__Goal of the exercise__
Leaving the pictures aside, reproduce the data in full and word for word.

__Available data__
'''

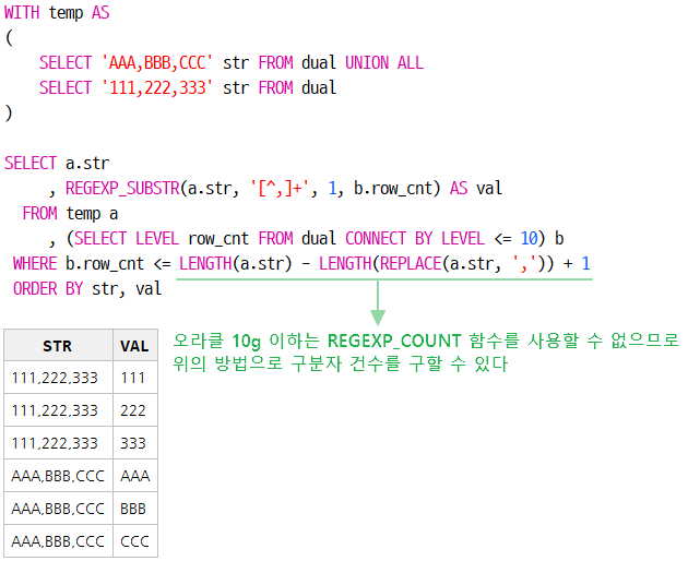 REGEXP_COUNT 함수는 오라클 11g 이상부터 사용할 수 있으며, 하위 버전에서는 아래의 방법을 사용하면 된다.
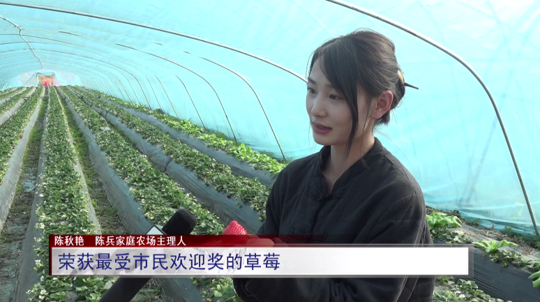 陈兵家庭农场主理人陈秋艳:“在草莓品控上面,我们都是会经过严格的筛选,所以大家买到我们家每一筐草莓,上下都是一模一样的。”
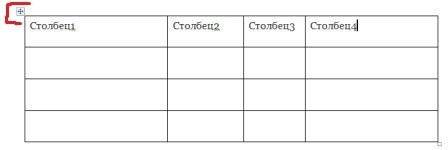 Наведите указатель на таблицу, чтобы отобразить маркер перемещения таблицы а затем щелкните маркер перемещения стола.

'''

__Response to this exercise__
 REGEXP_COUNT 함수는 오라클 11g 이상부터 사용할 수 있으며, 하위 버전에서는 아래의 방법을 사용하면 된다.
 陈兵家庭农场主理人陈秋艳:“在草莓品控上面,我们都是会经过严格的筛选,所以大家买到我们家每一筐草莓,上下都是一模一样的。”
 Наведите указатель на таблицу, чтобы отобразить маркер перемещения таблицы а затем щелкните маркер перемещения стола.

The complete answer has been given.